- Al-Dirbasiyah Location in Syria
- Coordinates: 37°4′22″N 40°39′7″E﻿ / ﻿37.07278°N 40.65194°E
- Country: Syria
- Governorate: al-Hasakah
- District: Ras al-Ayn
- Subdistrict: al-Darbasiyah
- Elevation: 300 m (980 ft)

Population (2004 census)
- • Total: 8,551
- Time zone: UTC+3 (AST)
- Area code: 52

= Al-Dirbasiyah =

Al-Dirbasiyah (ٱلدَّرْبَاسِيَّة, Dirbêsiyê) is a Syrian town on the Syria–Turkey border opposite the Turkish town of Şenyurt. Administratively it is part of the Al-Hasakah Governorate. According to the Syria Central Bureau of Statistics (CBS), al-Dirbasiyah had a population of 8,551 in the 2004 census. It is the administrative center of a nahiyah ("subdistrict") consisting of 113 localities with a combined population of 55,614 in 2004. The majority of the inhabitants of the town are Kurds while Arabs and Assyrian are a minority.

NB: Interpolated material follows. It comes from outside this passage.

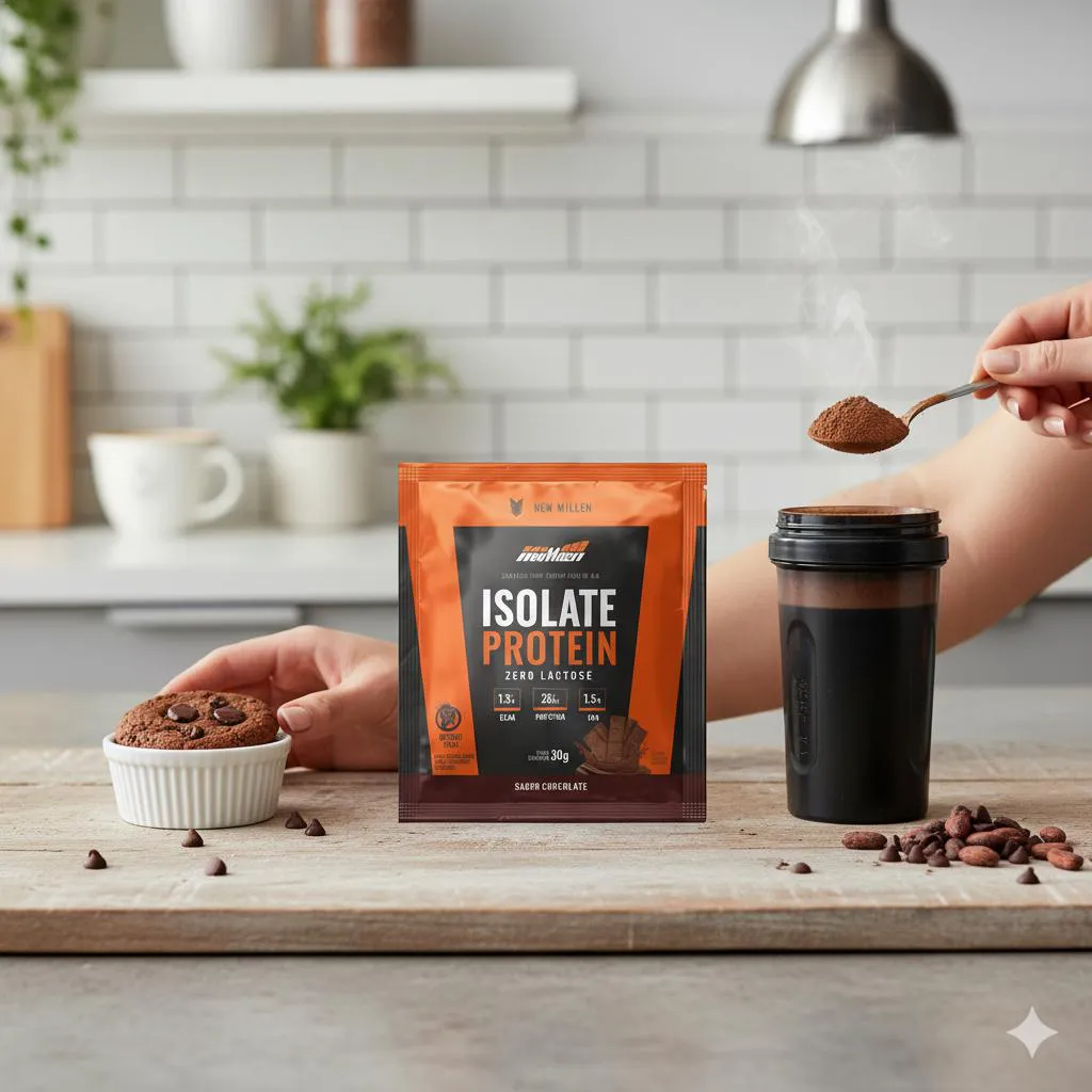 O Isolate Protein é um suplemento alimentar em pó desenvolvido com proteína isolada e hidrolisada de alta qualidade, formulado com proteínas de origem bovina e aminoácidos essenciais. Apresentado em sachês de 30g com sabor de chocolate, o produto é destinado para suporte nutricional na construção e recuperação muscular.

It is connected by road to Tell Beydar in the south.

==Etymology==

The town of Dirbasiyah is named after St Osyo the Wise, the Saint patron of the city, with "Dirbasiyah" being the Arabized version of the Syriac name, meaning "The path (Darbo) of Osyo (Asiyah)". A church is dedicated to this saint in this city.

==History==
According to al-Mas'udi, the town was the stronghold of the Kurdish Kikan tribe.

==Civil war==

On 22 July 2012, during the Syrian Civil War, Kurdish-led YPG forces took control over the town, after Syrian government forces, following an ultimatum issued by the YPG, withdrew from it. The town was thus brought into the AANES. The Syrian Army entered the town in October 2019, as part of the Second Northern Syria Buffer Zone Agreement.

On 16 July 2020, an unknown UAV suspected to be Turkish carried out a strike against a Russian coordination point south of al-Dirbasiyah. Two Russian soldiers, one SAA member and two members of the Asayish were injured in the strike.